File: challenge-3-1.ts

Task: Build a calculator tool with three operations (add, subtract, multiply) and use it with generateText.

import { generateText, tool } from 'ai';
import { anthropic } from '@ai-sdk/anthropic';
import { z } from 'zod';

// TODO 1: Define a calculator tool
// - description: A description telling the LLM when to use the calculator
// - inputSchema with:
//   - operation: z.enum(['add', 'subtract', 'multiply']).describe(...)
//   - a: z.number().describe('First number')
//   - b: z.number().describe('Second number')
// - execute: Performs the calculation and returns the result

// TODO 2: Use the tool with generateText
// - model: anthropic('claude-sonnet-4-5-20250514')
// - tools: { calculator: calculatorTool }
// - prompt: 'What is 42 times 17?'

// TODO 3: Log result.text, result.toolCalls and result.toolResults

Checklist:

Calculator tool defined with tool()
Zod schema with operation, a and b — all with .describe()
execute performs the correct operation (switch/case or if/else)
Tool integrated with generateText
result.text shows the LLM’s natural response
result.toolCalls shows the tool invocation

Show solution

import { generateText, tool } from 'ai';
import { anthropic } from '@ai-sdk/anthropic';
import { z } from 'zod';

const calculatorTool = tool({
  description: 'Perform a math calculation with two numbers',
  inputSchema: z.object({
    operation: z.enum(['add', 'subtract', 'multiply']).describe('The math operation to perform'),
    a: z.number().describe('The first number'),
    b: z.number().describe('The second number'),
  }),
  execute: async ({ operation, a, b }) => {
    switch (operation) {
      case 'add':
        return { operation, a, b, result: a + b };
      case 'subtract':
        return { operation, a, b, result: a - b };
      case 'multiply':
        return { operation, a, b, result: a * b };
    }
  },
});

const result = await generateText({
  model: anthropic('claude-sonnet-4-5-20250514'),
  tools: { calculator: calculatorTool },
  prompt: 'What is 42 times 17?',
});

console.log('Answer:', result.text);
console.log('Tool Calls:', result.toolCalls);
console.log('Tool Results:', result.toolResults);

Explanation: The LLM recognizes the math problem, calls calculator with { operation: 'multiply', a: 42, b: 17 }, gets back { result: 714 }, and formulates a natural response like “42 times 17 is 714.”

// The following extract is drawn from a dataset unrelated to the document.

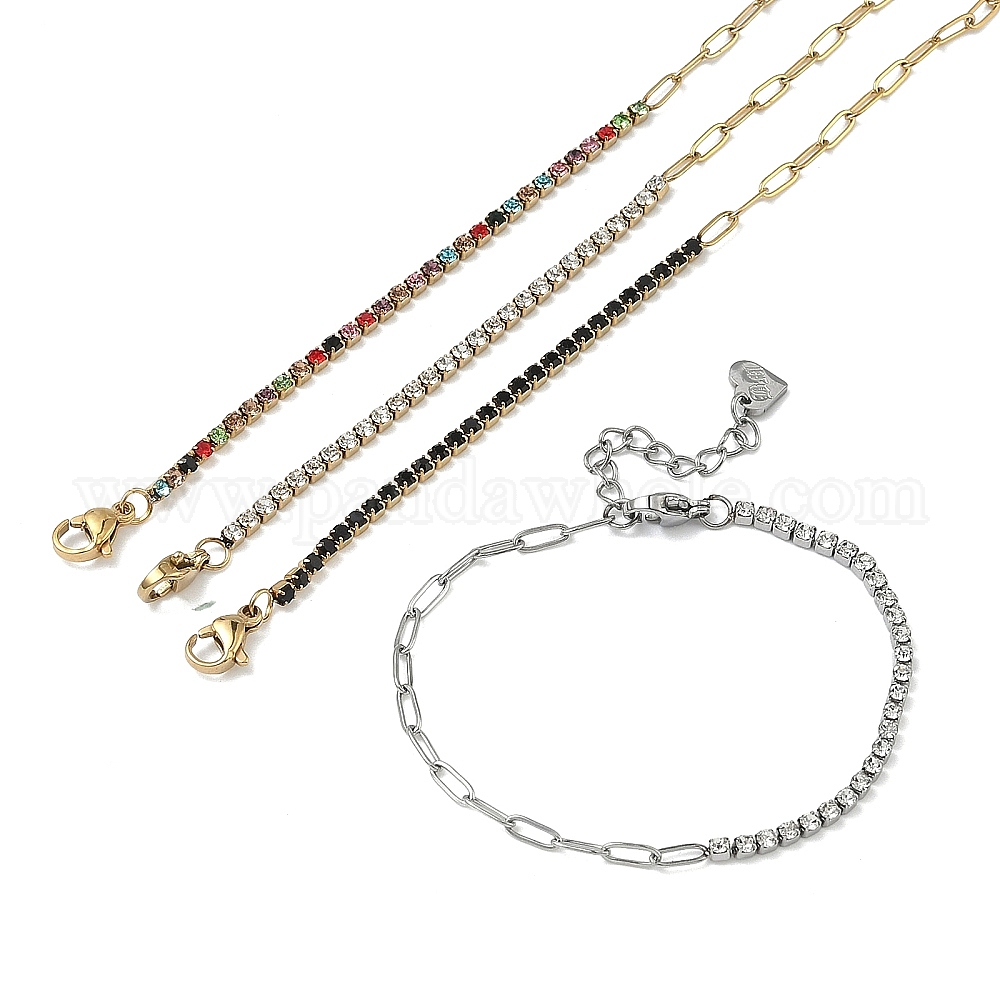 304 Браслеты из нержавеющей стали в виде цепочки из скрепки и цепочки со стразами для женщин, квадратный

Run: npx tsx challenge-3-1.ts

Expected output (approximate):

Answer: 42 times 17 is 714.
Tool Calls: [{ toolName: 'calculator', args: { operation: 'multiply', a: 42, b: 17 } }]
Tool Results: [{ result: { operation: 'multiply', a: 42, b: 17, result: 714 } }]

COMBINE

System prompt and user prompt flow to generateText, tool call decision, execute returns tool result, or directly result.text

Exercise: Combine a tool with a system prompt from Challenge 1.6. Give the LLM a role and a tool at the same time.

Define a system prompt: “You are a friendly math tutor. Explain every calculation step by step.”
Use the calculator tool from the TRY exercise
Ask a math question — the LLM should use the tool AND explain the approach
Compare: How does the response change with vs. without a system prompt?

Optional Stretch Goal: Define a second tool (unitConverter) that converts units (e.g. km to miles). Give the LLM both tools and ask a question that requires both: “I’m driving 100 km — how many miles is that and how long does it take at 60 km/h?”